*** Opening Data shown ***

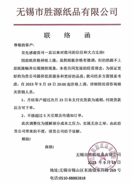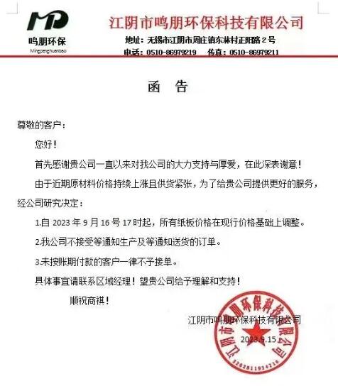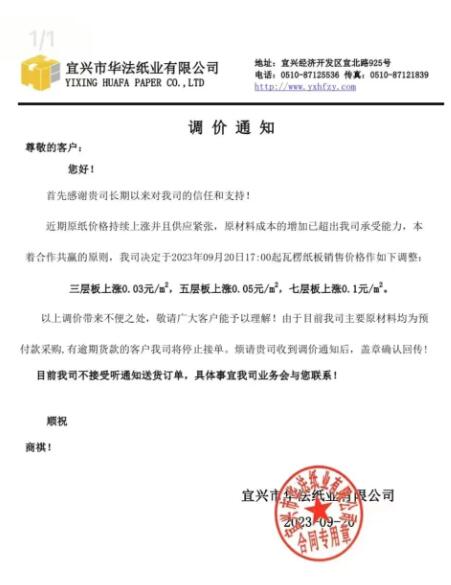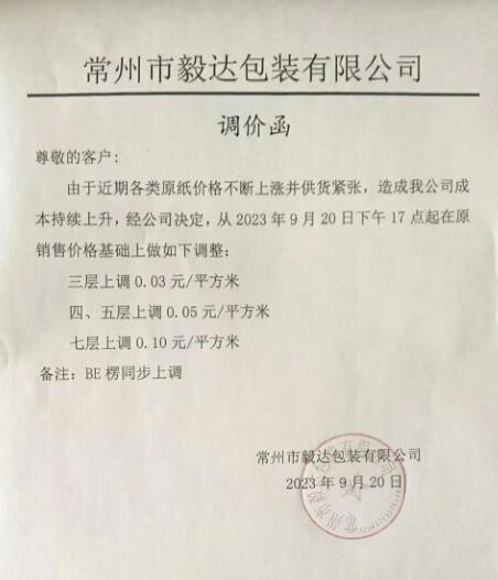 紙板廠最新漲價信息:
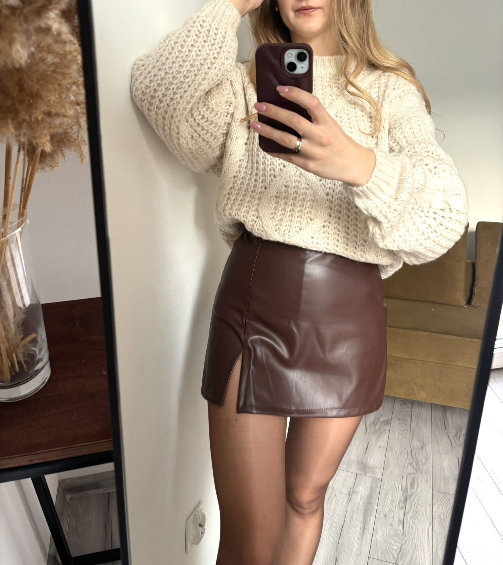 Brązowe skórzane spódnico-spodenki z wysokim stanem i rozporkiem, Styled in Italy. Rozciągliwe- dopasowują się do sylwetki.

*** Closing Data shown ***
*** Opening Data shown ***

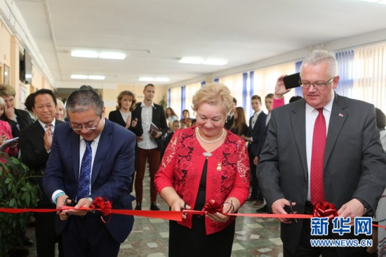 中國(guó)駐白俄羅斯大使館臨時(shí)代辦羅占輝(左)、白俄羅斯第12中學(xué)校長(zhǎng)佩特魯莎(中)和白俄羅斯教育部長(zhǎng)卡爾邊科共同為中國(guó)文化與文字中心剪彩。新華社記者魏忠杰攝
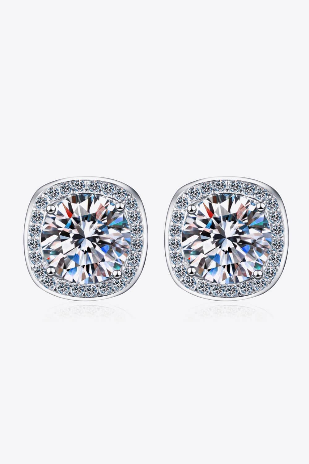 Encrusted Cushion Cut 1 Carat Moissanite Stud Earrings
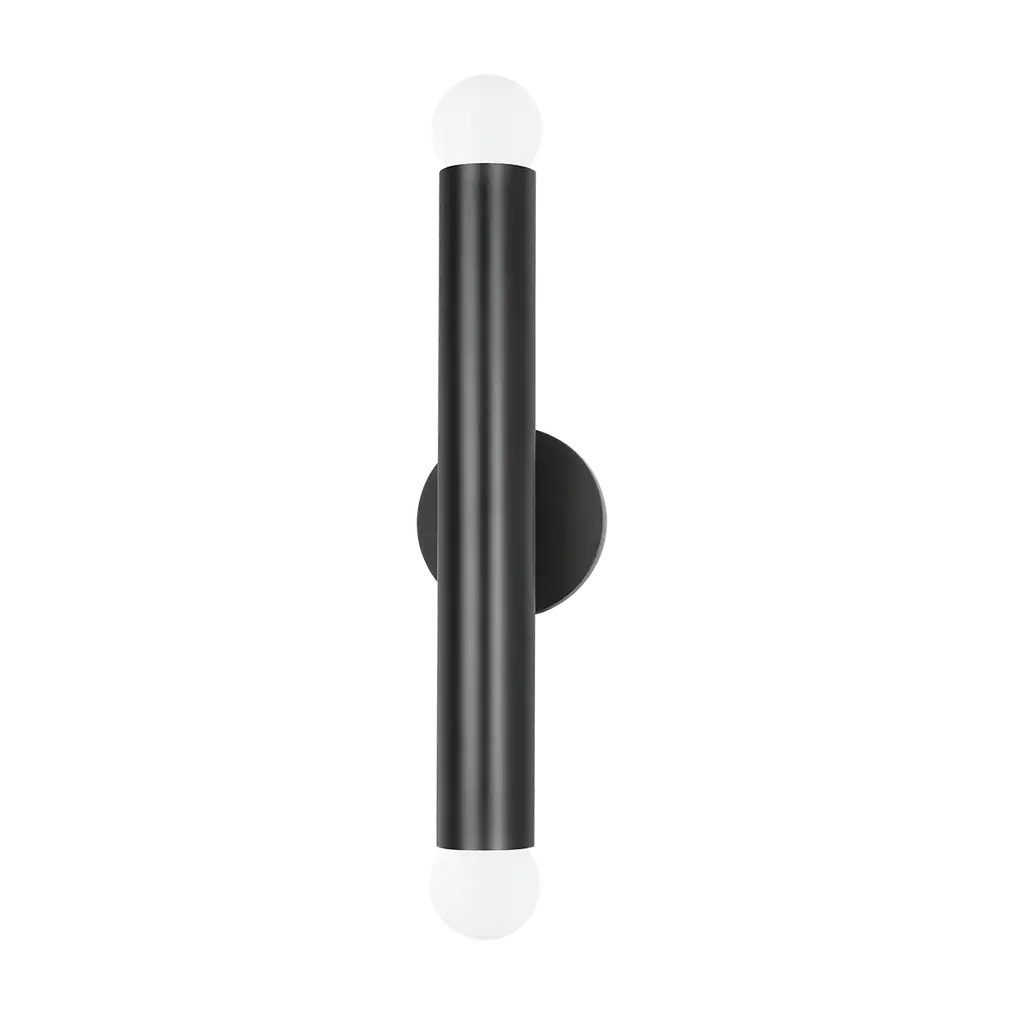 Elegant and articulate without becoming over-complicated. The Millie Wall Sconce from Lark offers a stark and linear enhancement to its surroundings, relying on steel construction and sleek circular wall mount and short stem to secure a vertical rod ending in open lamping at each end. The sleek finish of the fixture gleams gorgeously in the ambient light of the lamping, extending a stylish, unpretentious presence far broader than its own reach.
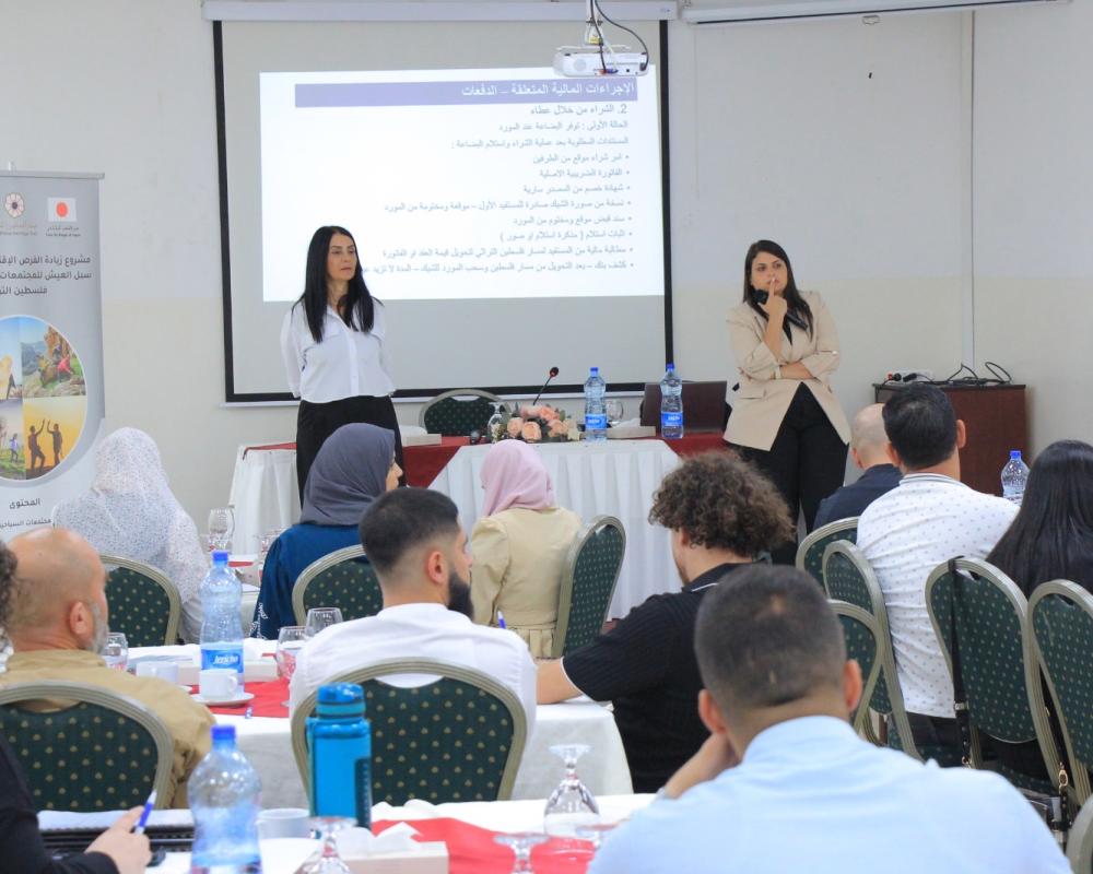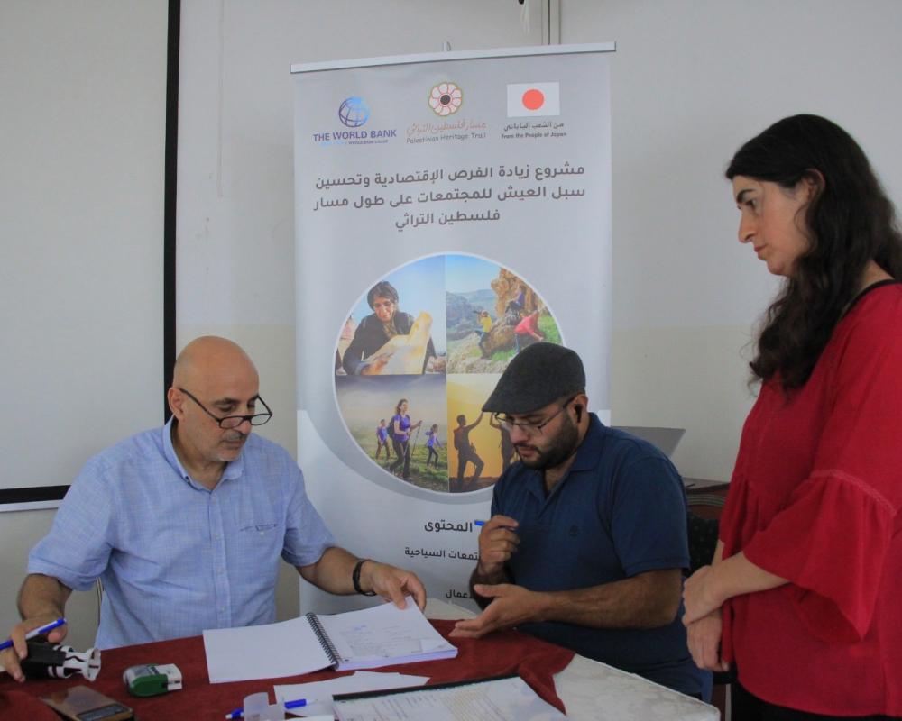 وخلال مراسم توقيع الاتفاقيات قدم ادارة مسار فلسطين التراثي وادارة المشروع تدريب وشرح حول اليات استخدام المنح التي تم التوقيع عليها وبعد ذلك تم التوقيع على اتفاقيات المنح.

*** Closing Data shown ***

Exercise brief:
When you reach the line containing "Elegant and articulate" in the entries above, begin restating word for word, and stop once the line containing "وخلال مراسم توقيع" has been given. Omit the pictures.

Solution:
 Elegant and articulate without becoming over-complicated. The Millie Wall Sconce from Lark offers a stark and linear enhancement to its surroundings, relying on steel construction and sleek circular wall mount and short stem to secure a vertical rod ending in open lamping at each end. The sleek finish of the fixture gleams gorgeously in the ambient light of the lamping, extending a stylish, unpretentious presence far broader than its own reach.
 وخلال مراسم توقيع الاتفاقيات قدم ادارة مسار فلسطين التراثي وادارة المشروع تدريب وشرح حول اليات استخدام المنح التي تم التوقيع عليها وبعد ذلك تم التوقيع على اتفاقيات المنح.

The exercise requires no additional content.